Table_8_Antibiotic Production and Antibiotic Resistance: The Two Sides of AbrB1/B2, a Two-Component System of Streptomyces coelicolor.pdf

Antibiotic resistance currently presents one of the biggest threats to humans. The development and implementation of strategies against the spread of superbugs is a priority for public health. In addition to raising social awareness, approaches such as the discovery of new antibiotic molecules and the elucidation of resistance mechanisms are common measures. Accordingly, the two-component system (TCS) of Streptomyces coelicolor AbrB1/B2, offer amenable ways to study both antibiotic production and resistance. Global transcriptomic comparisons between the wild-type strain S. coelicolor M145 and the mutant ΔabrB, using RNA-Seq, showed that the AbrB1/B2 TCS is implicated in the regulation of different biological processes associated with stress responses, primary and secondary metabolism, and development and differentiation. The ΔabrB mutant showed the up-regulation of antibiotic biosynthetic gene clusters and the down-regulation of the vancomycin resistance gene cluster, according to the phenotypic observations of increased antibiotic production of actinorhodin and undecylprodigiosin, and greater susceptibility to vancomycin. The role of AbrB1/B2 in vancomycin resistance has also been shown by an in silico analysis, which strongly indicates that AbrB1/B2 is a homolog of VraR/S from Staphylococcus aureus and LiaR/S from Enterococcus faecium/Enterococcus faecalis, both of which are implied in vancomycin resistance in these pathogenic organisms that present a serious threat to public health. The results obtained are interesting from a biotechnological perspective since, on one hand, this TCS is a negative regulator of antibiotic production and its high degree of conservation throughout Streptomyces spp. makes it a valuable tool for improving antibiotic production and the discovery of cryptic metabolites with antibiotic action. On the other hand, AbrB1/B2 contributes to vancomycin resistance and is a homolog of VraR/S and LiaR/S, important regulators in clinically relevant antibiotic-resistant bacteria. Therefore, the study of AbrB1/B2 could provide new insight into the mechanism of this type of resistance.

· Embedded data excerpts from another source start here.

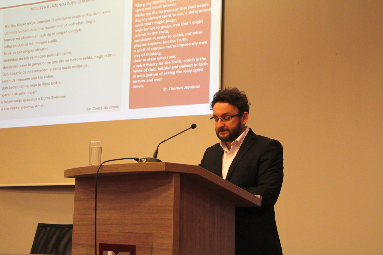 Na početku je sve prisutne pozdravio prof. dr. sc. Šimo Šokčević, v.d. prodekana za znanost i međufakultetsku suradnju. Profesor je naglasio kako je sv. Toma Akvinski bio izuzetno važna ličnost u povijesti kršćanstva i filozofije. Bio je učenik sv. Alberta Velikog i velikan kršćanske misli. U njegovim djelima vidimo da nadilazi vremena u kojima je živio i da je njegova misao duboko utkana u suvremenoj filozofiji i teologiji. Summa teologije predstavlja vrhunac kršćanske misli gdje je Toma pokazao komplementarnost vjere i filozofije. Profesor je potaknuo sve prisutne da ovaj simpozij bude podsjetnik na važnost kontinuirane analize da nastavimo na temeljima koje je postavio sv. Toma i izrazio nadu kako će ovaj simpozij potaknuti nove ideje i interpretacije njegova poučavanja.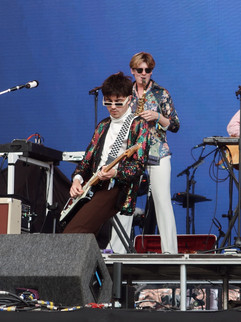 Speculation rippled across Twitter the night before suggesting that Fender was about to release previously Record Store Day vinyl exclusive track, 'Alright,' on all streaming services (which ended up being true). "This is one of my favourites; it's called 'Alright'" - Fender explained as the crowd erupted for the track's first-ever live outing. Other surprises of the night came from 'Play God' returning to the setlist for the first time in months, as well as a last-minute addition of live rarity, 'Angel In Lothian' (a song from the deluxe release of Fender's sophomore record, which had only been played three times previously and only during the Scottish leg of the tour) during the encore. Under a sky of deep blue shades, the penultimate track preceding the imminent encore (which Fender expressed his discontent for) was the heart-wrenching, goosebump-inducing, second album closer The Dying Light, a stunning piano ballad that builds into a spectacular anthem. On the emotionally charged lyrics on the song's break ("I must repel the dying light/For mum and dad and all my pals/For all the ones who didn't make the night"), gold fireworks were launched from either side of the stage, lighting up the sky above, whilst blue confetti was projected from cannons onstage, fluttering down onto the crowd below. Every emotion I felt upon first listening to the track a year prior came back in floods as my body reacted with shivers, despite the above-thirty-degree heat.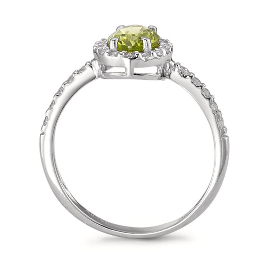 Bague Or blanc 18K Péridot, Zircone blanc Ø10 mm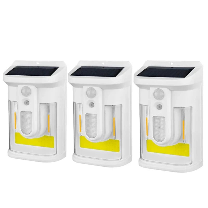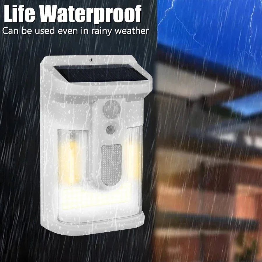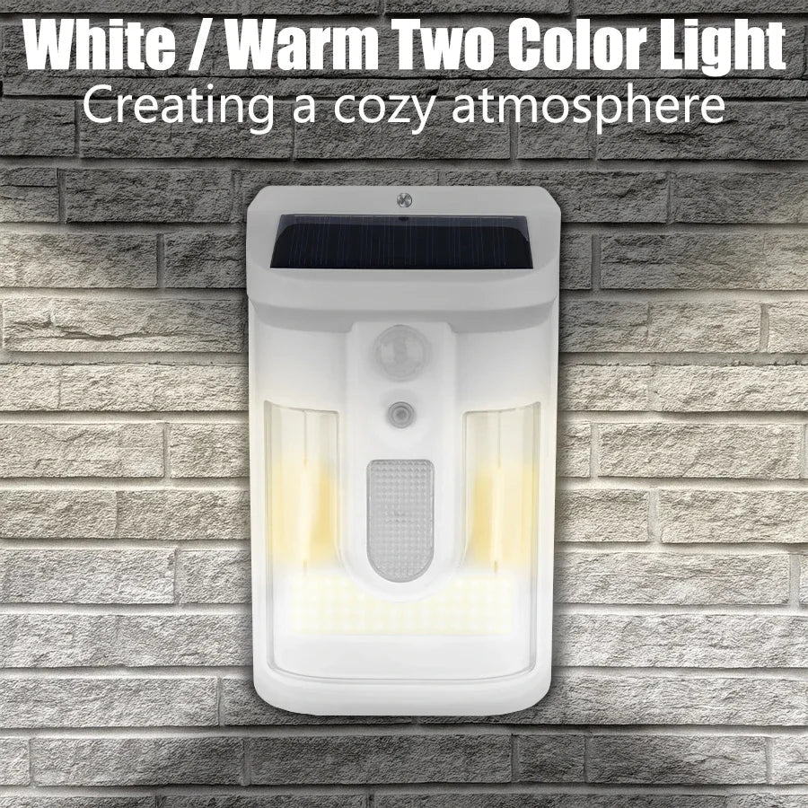 Carvallo Solar Vägglampa med Rörelsesensor | 3 Ljuslägen | IP65 Vattentålig | Varmt Flammigt Ljus för Trädgård & Gårdsplan

抗生素耐药性目前对人类构成了最大的威胁之一。针对超级细菌传播的策略研发与实施是公共卫生领域的当务之急。除了提升社会公众意识之外，发现新型抗生素分子以及阐明耐药机制也是常见的应对措施。据此，由放线菌属 Streptomyces coelicolor 的 AbrB1/B2 双组分系统（TCS）提供的途径，为研究抗生素产生与耐药性提供了便利。通过 RNA-Seq 技术对野生型菌株 S. coelicolor M145 与突变型 ΔabrB 进行全局转录组比较，揭示了 AbrB1/B2 TCS 在调节与压力反应、初级与次级代谢、以及发育与分化相关的多种生物过程中的作用。根据对突变型 ΔabrB 的表型观察，包括抗生素生产增加的放线菌红素和十一烷基prodigiosin，以及对万古霉素的更高敏感性，发现其抗生素生物合成基因簇上调，而万古霉素耐药基因簇下调。通过计算机模拟分析，还表明 AbrB1/B2 在万古霉素耐药性中扮演着重要角色，该分析强烈暗示 AbrB1/B2 是金黄色葡萄球菌中的 VraR/S 和粪肠球菌/粪链球菌中的 LiaR/S 的同源物，这两种同源物均与这些对公共卫生构成严重威胁的致病菌中的万古霉素耐药性有关。从生物技术角度来看，这些结果引人注目，一方面，该 TCS 作为抗生素生产的负调节因子，其在放线菌属中高度保守的特性使其成为提高抗生素生产力和发现具有抗生素活性的隐秘代谢物的宝贵工具；另一方面，AbrB1/B2 对万古霉素耐药性有所贡献，并且是 VraR/S 和 LiaR/S 的同源物，这两者在临床上相关的耐药细菌中是重要的调节因子。因此，对 AbrB1/B2 的研究可能为揭示此类耐药性机制提供新的见解。